### Work request
Say the number of lines holding the word "with" in the data, and leave out everything else.

### Input

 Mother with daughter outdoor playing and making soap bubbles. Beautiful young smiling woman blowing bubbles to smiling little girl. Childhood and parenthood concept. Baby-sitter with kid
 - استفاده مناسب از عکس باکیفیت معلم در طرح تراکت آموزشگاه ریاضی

==

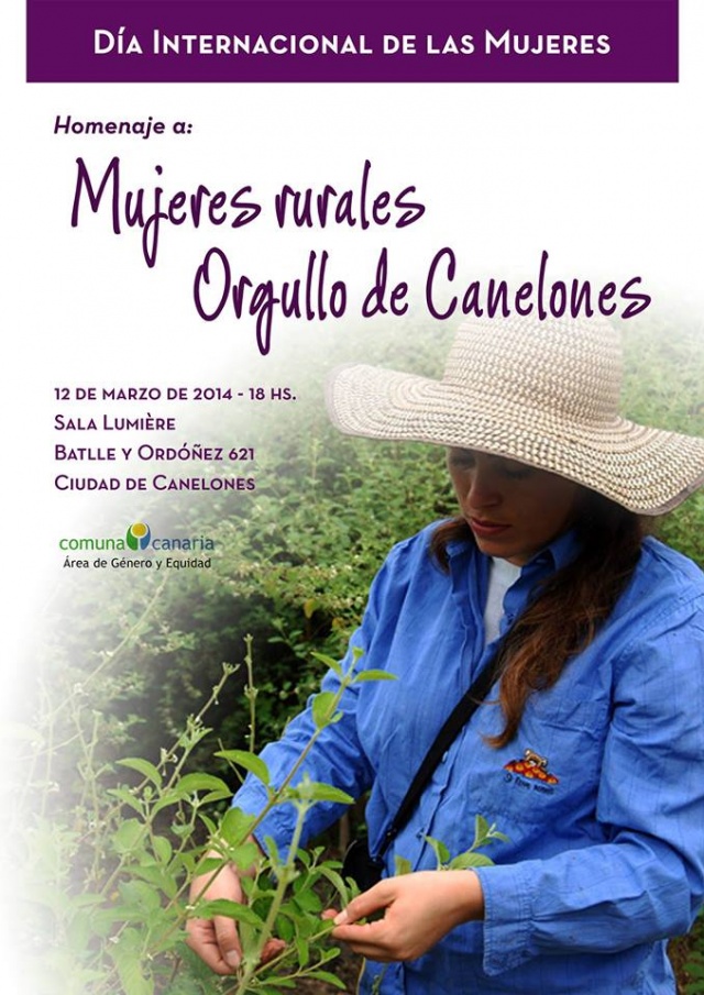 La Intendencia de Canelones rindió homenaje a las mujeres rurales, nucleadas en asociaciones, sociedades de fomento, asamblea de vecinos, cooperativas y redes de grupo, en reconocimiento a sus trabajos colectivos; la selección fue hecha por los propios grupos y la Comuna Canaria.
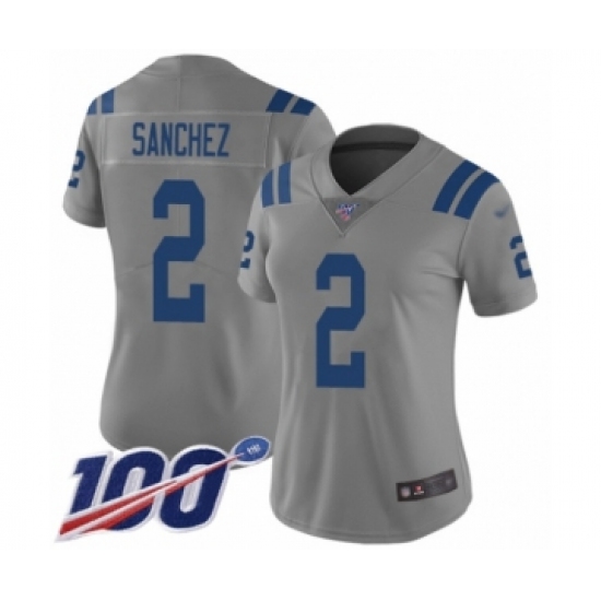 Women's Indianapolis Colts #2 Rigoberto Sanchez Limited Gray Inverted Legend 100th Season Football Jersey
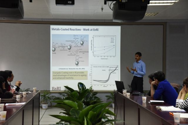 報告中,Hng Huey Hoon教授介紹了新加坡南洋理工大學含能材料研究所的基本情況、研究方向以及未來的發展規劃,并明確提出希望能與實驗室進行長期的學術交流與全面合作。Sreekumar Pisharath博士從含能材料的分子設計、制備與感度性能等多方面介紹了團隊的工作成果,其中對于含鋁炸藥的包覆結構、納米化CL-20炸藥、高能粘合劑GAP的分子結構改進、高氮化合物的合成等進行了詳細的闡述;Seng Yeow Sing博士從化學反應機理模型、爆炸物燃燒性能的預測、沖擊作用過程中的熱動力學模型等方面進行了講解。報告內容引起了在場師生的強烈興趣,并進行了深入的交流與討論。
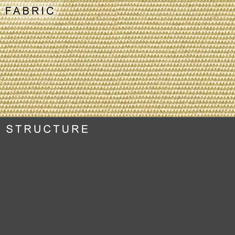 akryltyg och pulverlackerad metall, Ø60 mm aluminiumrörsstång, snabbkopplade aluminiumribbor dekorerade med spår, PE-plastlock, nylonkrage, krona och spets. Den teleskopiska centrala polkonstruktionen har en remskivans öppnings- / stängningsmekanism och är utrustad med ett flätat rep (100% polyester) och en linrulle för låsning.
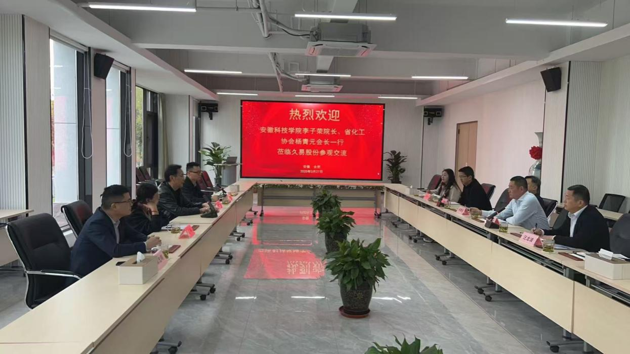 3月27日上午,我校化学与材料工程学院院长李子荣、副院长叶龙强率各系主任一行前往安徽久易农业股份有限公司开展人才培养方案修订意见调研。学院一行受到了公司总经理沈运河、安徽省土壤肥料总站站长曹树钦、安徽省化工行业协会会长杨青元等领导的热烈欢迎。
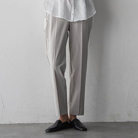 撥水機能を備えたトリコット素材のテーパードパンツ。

...

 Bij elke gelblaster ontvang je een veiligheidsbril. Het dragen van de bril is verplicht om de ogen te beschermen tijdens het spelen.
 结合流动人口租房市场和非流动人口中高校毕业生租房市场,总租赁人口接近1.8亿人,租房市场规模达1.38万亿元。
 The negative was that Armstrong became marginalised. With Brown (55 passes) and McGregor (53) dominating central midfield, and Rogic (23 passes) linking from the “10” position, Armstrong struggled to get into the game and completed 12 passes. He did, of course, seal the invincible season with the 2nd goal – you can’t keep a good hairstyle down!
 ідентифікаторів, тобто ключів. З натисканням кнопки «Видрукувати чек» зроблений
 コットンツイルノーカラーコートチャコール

### Result of this exercise
2